Cell Respiratory Experiment
2.6
Continuous 2‐propanol and acetone cultures were used to test substrate‐dependent oxygen consumption. These experiments were performed in a glass incubation chamber with a glass stirrer bar, as described previously (Schmitz et al. 2023) and fitted with an oxygen sensor spot (OXSP5, Pyroscience) coupled to a FireSting optical O_2_ meter (PyroScience), using 1 mL of whole‐cell suspensions of strain SolV. Pure oxygen was injected into the respiration chamber to obtain 50–100% air saturation, after which liquid substrate (acetone, acetol, methylglyoxal, methanol, 1‐propanol, 2‐propanol, 1,2‐propanediol) was injected into the same respiration chamber to reach a final concentration of 10 μM to 1 mM. The temperature and stirring rate in the respiration chamber were adjusted to 55°C and 1000 rpm, respectively. Rates were expressed as μmol O_2_ min^−1^ · g DW^−1^ and, when necessary, corrected for endogenous respiration. Varying concentrations of acetone (0–10 μM) and 2‐propanol (0–50 μM) were separately injected in the respiration chamber and used to determine Michaelis–Menten kinetics as described above.
Results
3
M. fumariolicum SolV cells grown in batch on 10% CH_4_/5% CO_2_ were transferred to a medium without methane, containing either 13 mM 2‐propanol or 13.5 mM acetone with a 5% CO_2_ headspace as energy and carbon (Figure 1A). Compared to the control grown on 10% CH_4_/5% CO_2_ (μ = 0.070 h^−1^, doubling time of ~10 h), cells on 2‐propanol or acetone exhibited a lag phase of ~30 h before starting exponential growth, after which they reached growth rates of 0.051 h^−1^ (doubling time 13.6 h) and 0.038 h^−1^ (doubling time of 18.2 h), respectively. Methane was depleted after 30 h, resulting in the cells reaching stationary phase at an OD_600_ of ~0.5. When 2‐propanol and acetone‐grown cells were transferred (10%) into fresh medium, growth rates increased slightly to 0.054 h^−1^ and 0.041 h^−1^ for growth on 2‐propanol and acetone, respectively (Figure 1B). When acetone‐grown cells were transferred to a medium containing 2‐propanol a growth rate of 0.049 h^−1^ was observed. 2‐Propanol cells transferred to an acetone‐containing medium exhibited a growth rate of 0.042 h^−1^. Transferring acetone‐grown cells to a medium supplemented with 1‐propanol or 1,2 propanediol as the sole energy source did not result in any growth.
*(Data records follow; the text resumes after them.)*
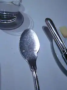 A French sauce spoon or saucier spoon is a spoon that is typically the size and shape of a dessert spoon, but with a flattened bowl that has a thinner edge and a small notch on one side. As the name suggests, a French sauce spoon is used to eat the sauce accompanying a dish. Such a spoon may be referred to simply as a sauce spoon, but this can also refer to a spoon used to serve sauce.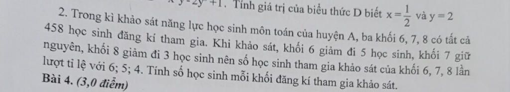 458 học sinh đăng kí tham gia. Khi khảo sát, khối 6 giảm đi 5 học sinh, khối 7 giữ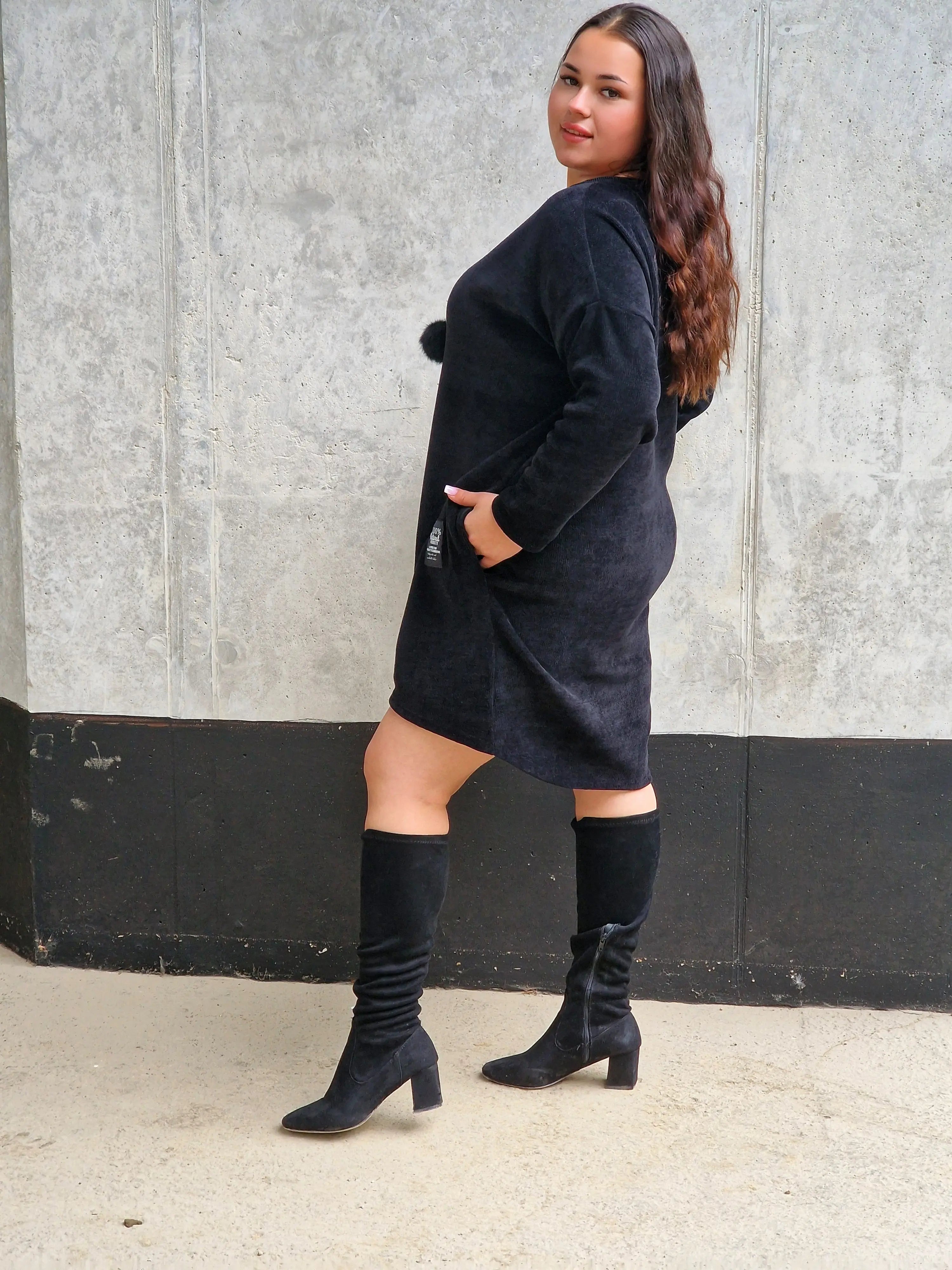 Ta wyjątkowa czarna sukienka plus size łączy prostotę z elegancją, tworząc idealną bazę do codziennych i casualowych stylizacji. Możesz nosić ją z trampkami dla luzu, z kozakami dla miejskiego szyku lub z botkami, by uzyskać kobiecy, jesienny look.

Growth of M. fumariolicum SolV on 2‐propanol, acetone and methane. (A) Cells from a batch culture on 10% CH4 were used to inoculate medium (10% transfer) containing different substrates: 10% CH4 (green closed triangle), 13 mM 2‐propanol (red open diamond) or 13.5 mM acetone (black closed square). Growth rates of 0.070, 0.051 and 0.038 h−1 were determined when growing on methane, 2‐propanol and acetone, respectively. (B) Acetone‐grown cells (closed squares) were used to inoculate (10% transfer) a medium containing 13 mM 2‐propanol (red closed square) or 13.5 mM acetone (black closed square), for which a growth rate of 0.049 and 0.041 h−1 was determined, respectively. 2‐Propanol‐grown cells (open diamonds) were used to inoculate (10% transfer) in a medium containing 13 mM 2‐propanol (red open diamond) or 13.5 mM acetone (black open diamond), for which a growth rate of 0.054 and 0.042 h−1 was determined respectively. The headspace of all cultures was supplemented with 5% v/v CO2. The OD600 values were plotted over time and an exponential fit (lines) was performed on the exponential phase to determine the growth rates. Data is represented as the mean with error bars representing standard deviation (n = 3).
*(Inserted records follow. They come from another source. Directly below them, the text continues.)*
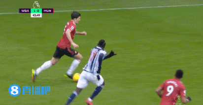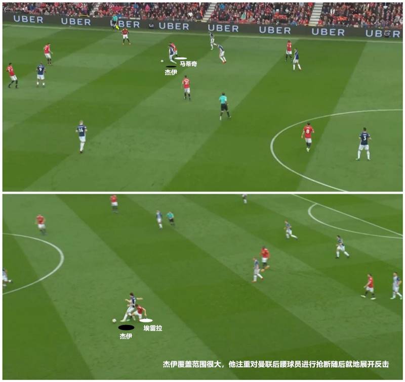 此役杰伊表现非常出色,他的跑动覆盖范围很大,既要积极回到本方半场防守,又要加强逼抢力度展开反击。如上图是杰伊依靠准确的预判和体格优势成功在曼联双后腰马蒂奇、埃雷拉脚下断球,随后迅速发起反击。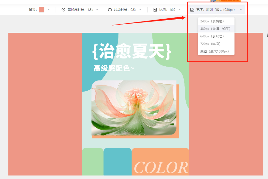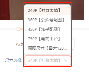 ③寬度設(shè)置:我們還可以根據(jù)需求選擇GIF圖的寬度尺寸。這里有表情包、公眾號(hào)、電商等6種適用場(chǎng)景的寬度尺寸供選擇。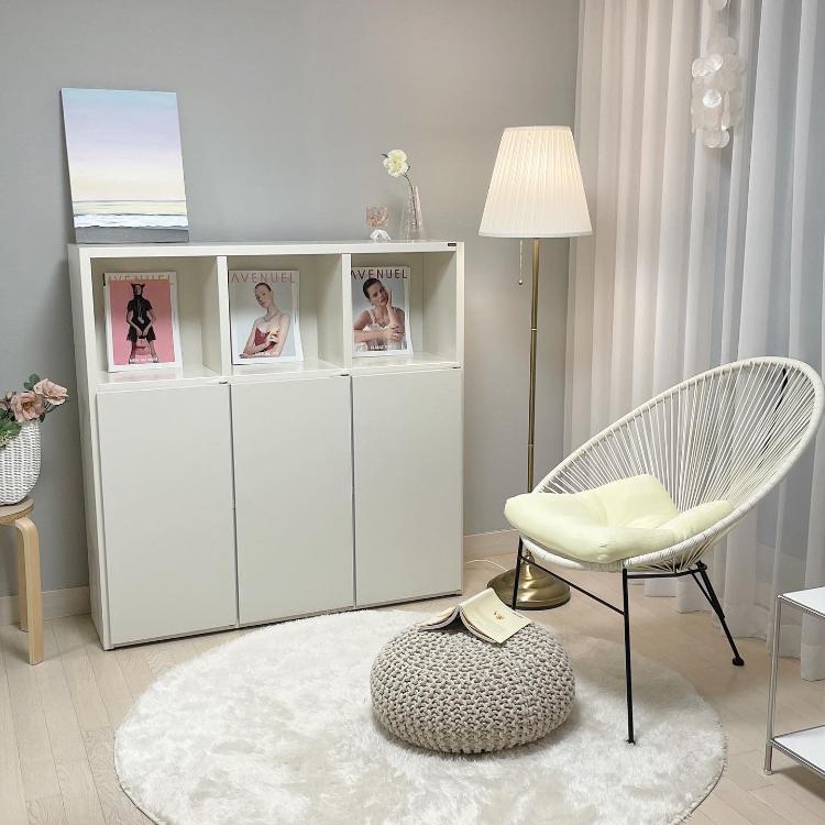 깔끔하게 책 수납하고 앞에 의자를 두니 책읽기 딱 좋은 공간이 되었어요💛
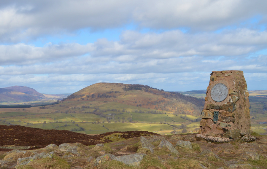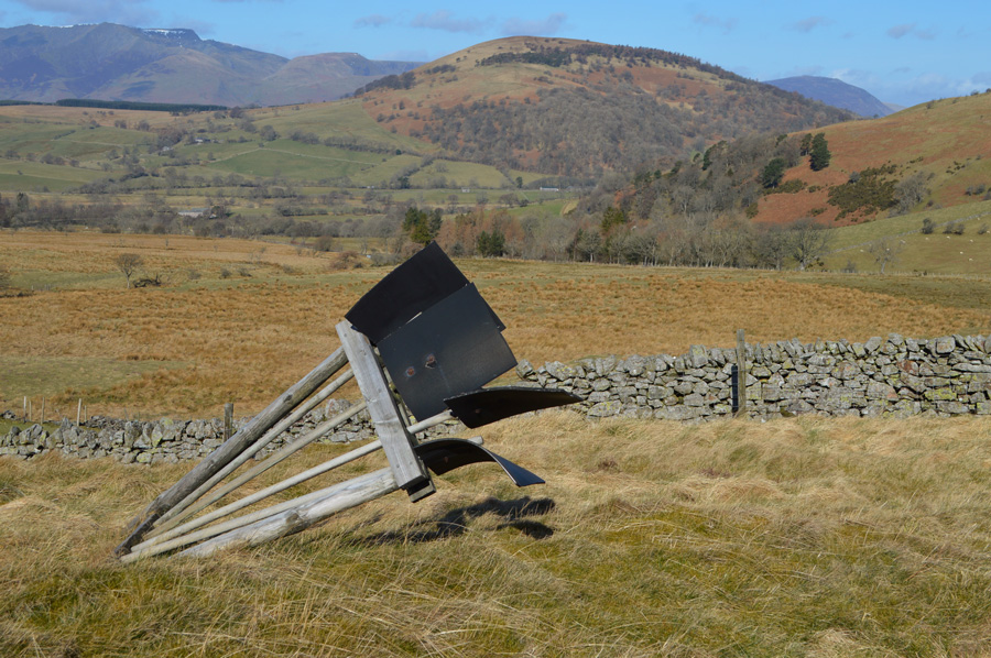 Great Mell Fell seen as we pass by the Fire Beaters whose stand had been blown sideways over time. |

Cells grown in batch on 2‐propanol/5% CO_2_ were transferred to culture media without lanthanides and without CO_2_, for 5 consecutive growth cycles to OD ~1, to deplete internal La storages. Subsequently, growth on 2‐propanol with/without lanthanum (1 μM LaCl_3_) and with/without CO_2_ were compared (Figure 2 and Supplementary Figure S1) in two separate experiments. The mean growth rates were 0.047 h^−1^, 0.043 h^−1^ and 0.044 h^−1^ for cells grown with CO_2_ and La, without CO_2_ with La and without CO_2_ and La, respectively. Cells grown on 2‐propanol with CO_2_ seemed to grow slightly faster than cells without CO_2_, but a one‐way ANOVA analysis with a Tukey test to factor in multiple comparisons showed this difference was not significant (p = 0.33 for +CO_2_/+La vs. CO_2_/+La and p = 0.41 for +CO_2_/+La vs. −CO_2_/−La). The removal of lanthanum from the growth medium did not have an effect on the growth of SolV cells on 2‐propanol (p = 0.97 for −CO_2_/+La vs. −CO_2_/−La).
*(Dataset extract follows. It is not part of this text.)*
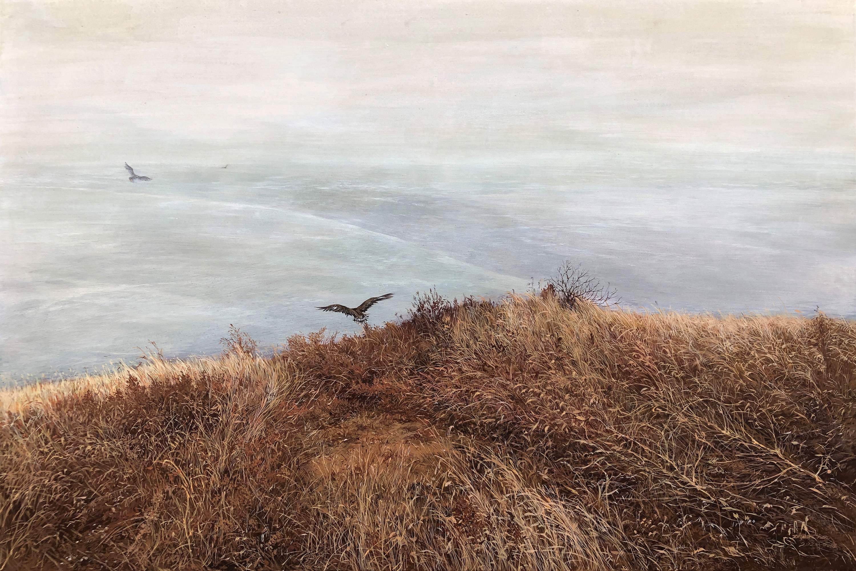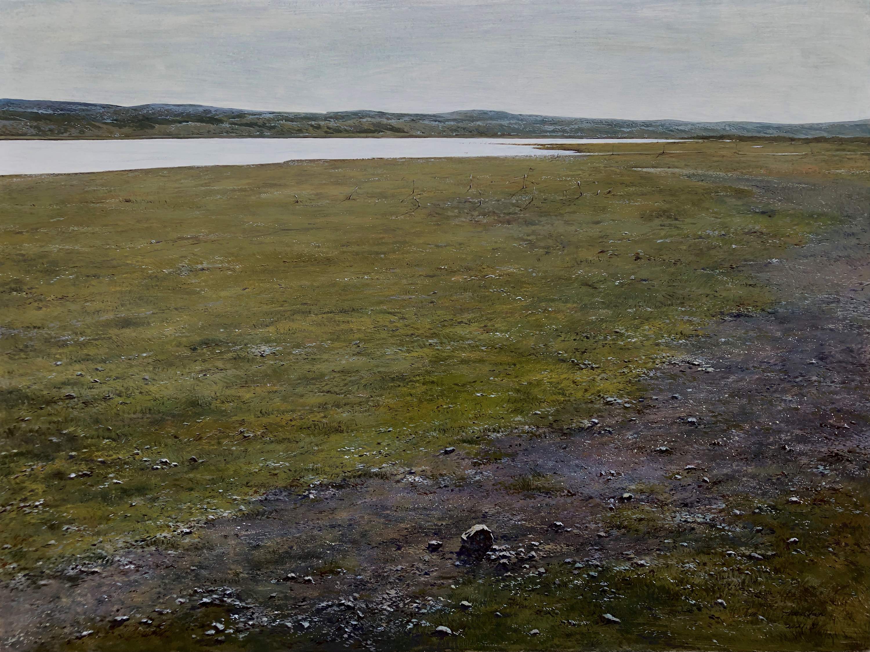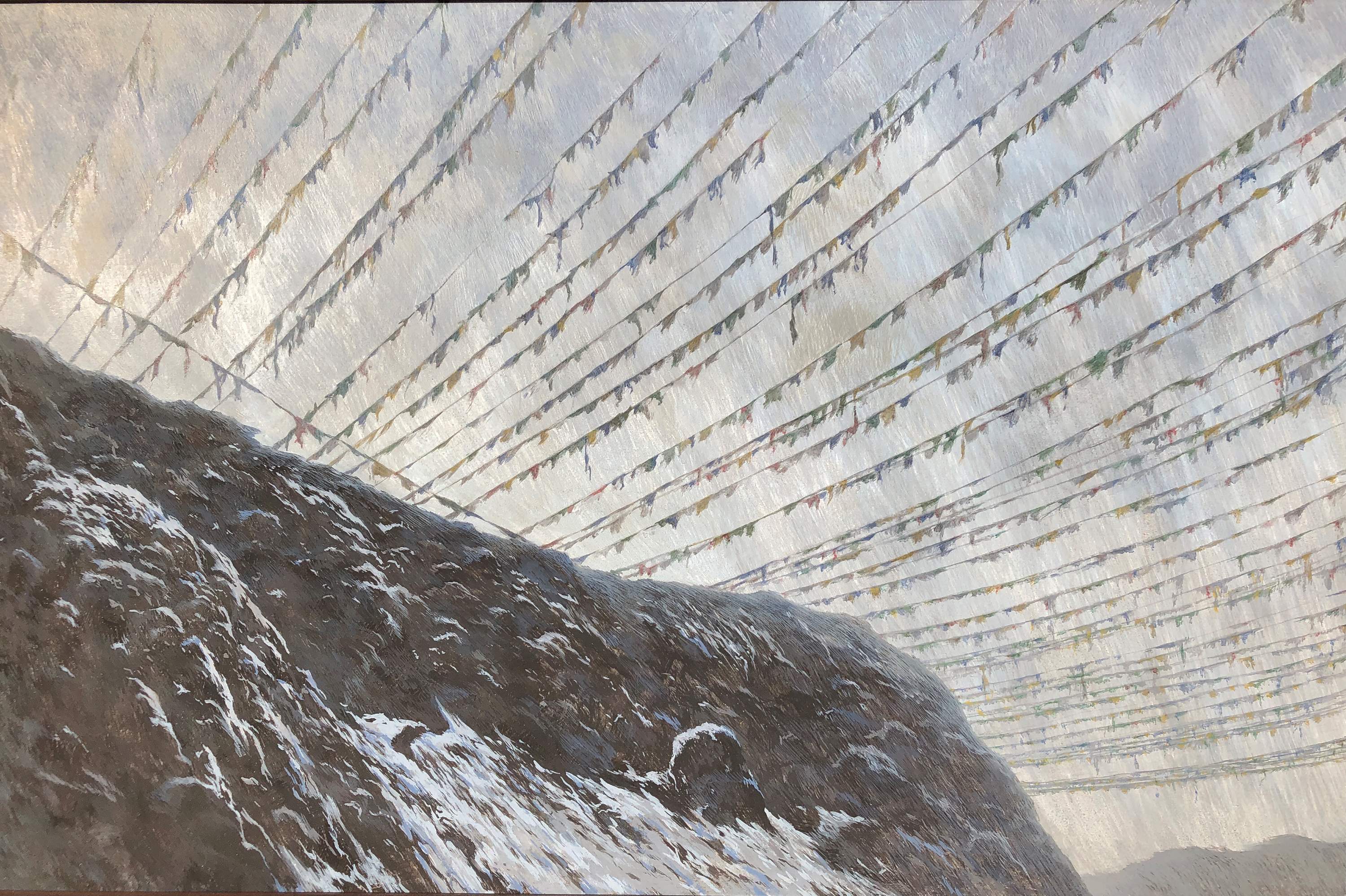 The subject matter in Zhou Chen’s landscape paintings is inspired by the untouched, desolate, and barren but incredibly beautiful nature and rich history and culture of northwestern China. Removed from the unstoppable noise, stress, and impressions of contemporary society, the unending grasslands, snow-covered mountain tops, and the star-filled night sky have the sole opportunity to claim the viewer´s attention and, in return, offer a cleansing, almost spiritual experience where there is no attempt influence the individual in one direction or another as the case is in our information technology and media controlled daily lives. Through his works, which all portray a vast but quiet landscape, Zhou Chen wishes to convey grand and eye-opening experiences in nature. At the same time, the landscape paintings convey the enormous dissimilarities between different cultures of the world and for this reason, play a significant role in demystifying and increasing understanding across natural borders.

Influence of CO2 and lanthanum on the growth of M. fumariolicum SolV on 2‐propanol. Cells were inoculated in a medium containing 26 mM 2propanol/5% CO2 (black squares), 2‐propanol without CO2 (red diamonds) or 2‐propanol without CO2 and without lanthanides (green triangles), after an initial batch cultivation on 2‐propanol without CO2 and without lanthanides for 5 consecutive transfers to fresh medium with a 20 times dilution of the cells. The OD600 value was plotted over time and an exponential fit was performed on the exponential phase to determine the growth rates (μ). Data is represented as the mean with error bars representing standard deviation (n = 3).
Since propane was also readily converted, the potential to grow on propane was examined for both 2‐propanol and acetone‐grown cells in batch cultures. For both, an initial consumption of propane was observed, which halted after ~50 h. No clear increase in OD values for either culture could be observed (Supplementary Figure S2), indicating propane could not be used as a sole substrate. The conversion of propane as a co‐substrate in the environment might offer some additional energy, which could support persistence but is insufficient to support growth.
Chemostat Cultivation on Acetone and 2‐Propanol and Respiratory Analysis
3.1
Two continuous chemostat cultures of M. fumariolicum SolV with either 26 mM 2‐propanol or 26 mM acetone as the sole energy source were established. Under substrate limitation, these cultures reached steady state (i.e., growth rate equals dilution rate) at stable OD_600_ values of 1.5 and 1.2 for 2‐propanol and acetone, respectively. Cells from both cultures were used to analyse the respiration rate on varying one‐and three‐carbon compounds (Table 1). Compared to cells grown on 2‐propanol, cells grown on acetone showed faster consumption of all tested compounds apart from 2‐propanol itself. Both cultures also respired methane, methanol and 1‐propanol, but did not respire 1,2‐propanediol.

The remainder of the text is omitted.